Question

# Find an equation of the tangent line to the given curve at the specified point. y=\frac{e^x}{x},(1,e)

Equations
Find an equation of the tangent line to the given curve at the specified point.
$$y=\frac{e^x}{x},(1,e)$$

2021-06-01
We can rewrite the original equation in the form
$$e^x\cdot x^{-1}$$
Now, we can differentiate using the Product Rule
$$(e^x)'(x^{-1})+(e^x)(x^{-1})'$$
$$e^x(x^{-1})+e^x(-x^{-2})$$
Simplify
$$\frac{e^x}{x}-\frac{e^x}{x^2}$$
In order to find the tangent at our point (1,e).
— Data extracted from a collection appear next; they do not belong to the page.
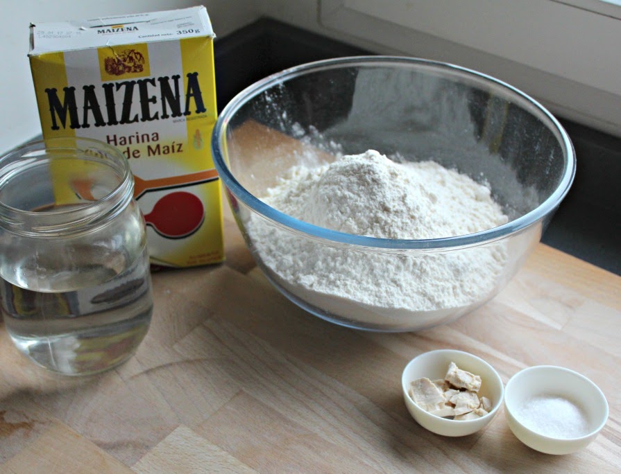 Mezclamos la harina de fuerza, con el agua y la sal. Añadimos la levadura al final, para que no contacte con la sal.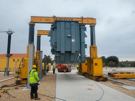 La compañía especializada en transportes especiales Arbegui ha llevado a cabo el transporte por ferrocarril y carretera de un transformador de potencia de 282 toneladas de peso desde el puerto de Valencia a una subestación eléctrica en el municipio conquense de Tébar.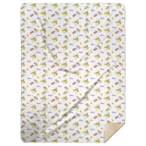 Premium Silky Smooth mink front with regional, city, state designs; Premium Fluffy Sherpa neutral back side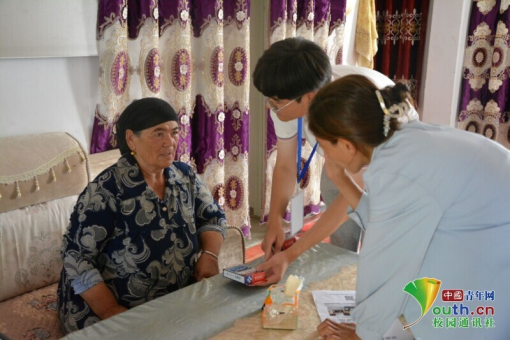 图为实践团队员走访入户向乡村居民发放眼部健康药品的画面。中国青年网通讯员屈越供图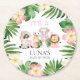 Jungle Safari It's a Girl Baby Shower Paper Coaster. Designed with watercolor cute baby jungle animals. Matching items in our store Cava Party Designs.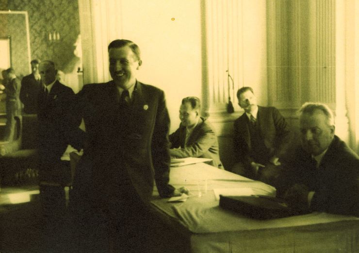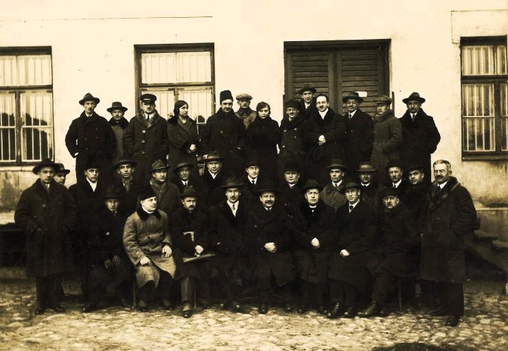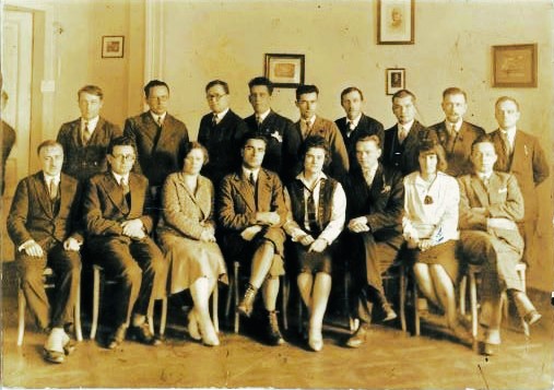 Konferencja lustratorów Związku Spółdzielni Spożywców RP, późniejszego „Społem”. Zdjęcie wykonano w Warszawie, „w okolicach” 1927 lub 1928 roku; związek działał jeszcze pod nazwą bez uzupełnienia "Społem".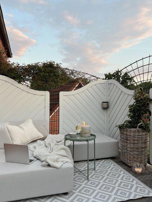 Sotto il tavolo o nella zona salotto, stendi un bel tappeto da esterno, meglio se in colore scuro. Opta per una fibra sintetica, facile da pulire e che non si rovina con la pioggia o il sole.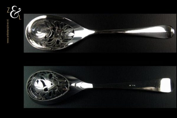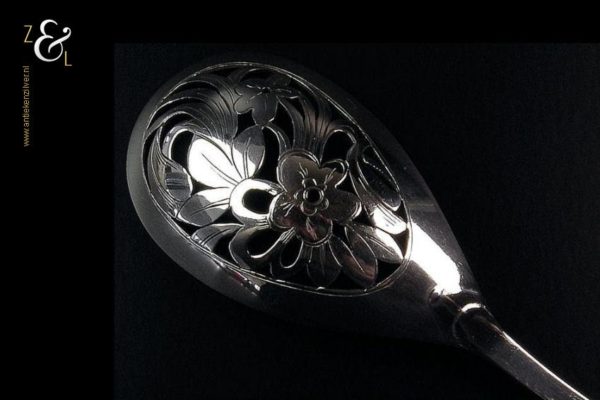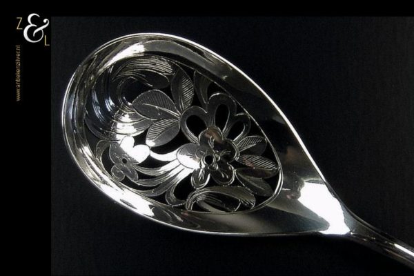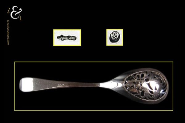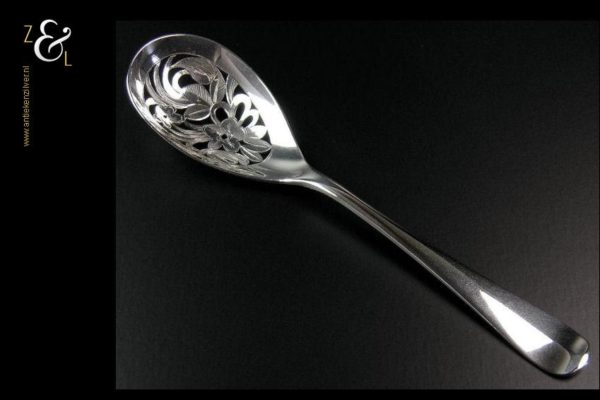 Natfruit- olijflepel met ajour gedeelte gezaagd naar het ontwerp van Christa Ehrlich. De natfruit- olijflepel is gemaakt in Voorschoten door de Zilverfabriek Voorschoten N.V. (meesterteken V boven liggend maantje in achthoek) tussen de jaren 1925 en 1953. Deze aan twee zijden gegraveerde in model 1060 uitgevoerde en met het zwaardje gekeurde zilveren natfruit- olijflepel weegt 29 gram en is 15.3 cm lang.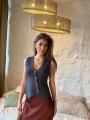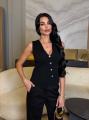 Стильная бандажная жилетка с глубоким v-вырезом подчркивает талию и красиво садится по фигуре Плотный эластичный материал формирует аккуратный силуэт, а золотые пуговицы добавляют образу элегантности и лгкой дерзости.

We need to plug in 1 into our deriative.
$$\frac{e^1}{1}-\frac{e^2}{1^2}=e-e=0$$
So 0 is our slope at point (1,e), to find the normal line we take the negative reciprocal of our slope.
$$\frac{-1}{0}=\text{undefined}$$. Which states that our normal to the point (1,e) is equal to our x value, therefore the normal line to our dunction is simplify x=1
In order to find the tangent we need to use the Point-Slope formula.
$$y-e=0(x-1)$$
$$y=e$$